● **TASK OBJECTIVE**
The line containing "Feu de signalisation" and each line after it, through the final line of the data, are to be retyped exactly, with pictures left out.

● **DATASET SECTION**
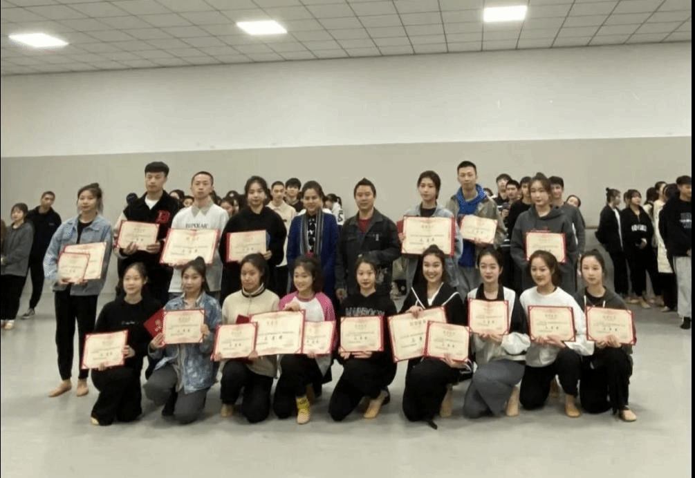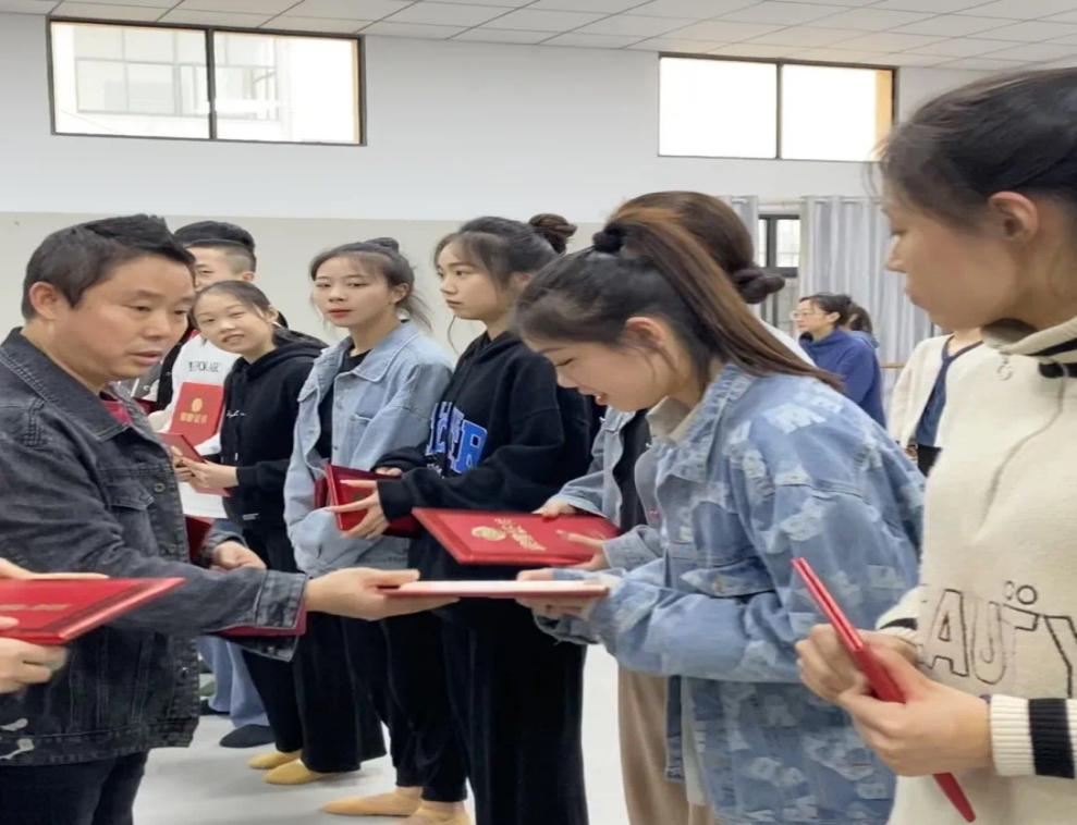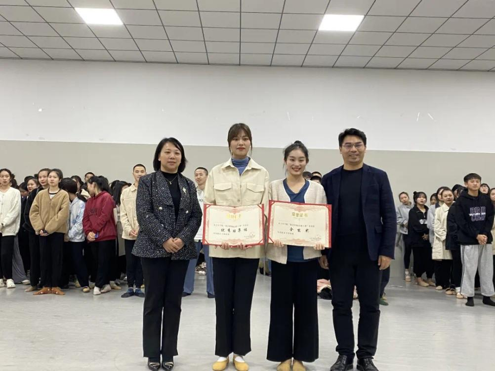 参与此次颁奖典礼的领导有,音乐学院党总支书记陈思玥、院长李巧伟、副院长谢萍、副院长刘小标。典礼过程由青年舞蹈教师王瑞洁主持,第一部分,介绍此次比赛旨在展示专业技能、培养思想道德精神、宣传美育、弘扬民族文化。典礼第二部分为颁奖环节,由主持人宣读获奖名单,各位领导进行颁奖、合影留念。此次比赛获奖名额共四十四个,其中一等奖七个、二等奖十四个、三等奖二十一个,全能奖一个、优秀班集体一个。典礼进行第三部分,领导致辞。李院长对现阶段舞蹈学专业取得的成绩表示认可,同时也鼓励同学们再接再厉,冲击更高的赛事、更好的奖项。最后,李院长与陈书记在关心学生学业之余,也不忘提醒学生们劳逸结合,注重身心健康发展。
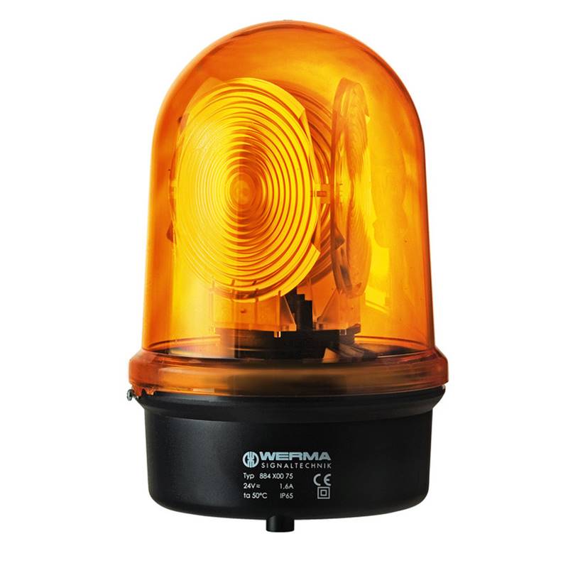 Feu de signalisation tournant; Tension: 230V AC; Forme du signal: Autour; Couleur: Orange; Source de lumière: Ampoule halogène; Fixation: Fixation sur sol; Raccordement: Bornes à vis; Diamètre: 156 mm; Hauteur: 218 mm; Couleur de la calotte: Orange; Couleur du boîtier: Noir; Catégorie de protection: IP65; Plage de température: -30°C...+50°C; Contenu de la livraison: Ampoule incluse G6.35 35 W; Visibilité optimale surtout lorsque les conditions sont mauvaises grâce aux 3 lentilles à effet Fresnel; Très longue durée de vie grâce à l'entraînement par galet; Résistance aux chocs jusqu'à 20 Joules
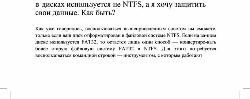 в дисках используется не NTFS, а я хочу защитить свои данные. Как быть?

● **ANSWER FOR THE TASK**
 Feu de signalisation tournant; Tension: 230V AC; Forme du signal: Autour; Couleur: Orange; Source de lumière: Ampoule halogène; Fixation: Fixation sur sol; Raccordement: Bornes à vis; Diamètre: 156 mm; Hauteur: 218 mm; Couleur de la calotte: Orange; Couleur du boîtier: Noir; Catégorie de protection: IP65; Plage de température: -30°C...+50°C; Contenu de la livraison: Ampoule incluse G6.35 35 W; Visibilité optimale surtout lorsque les conditions sont mauvaises grâce aux 3 lentilles à effet Fresnel; Très longue durée de vie grâce à l'entraînement par galet; Résistance aux chocs jusqu'à 20 Joules
 в дисках используется не NTFS, а я хочу защитить свои данные. Как быть?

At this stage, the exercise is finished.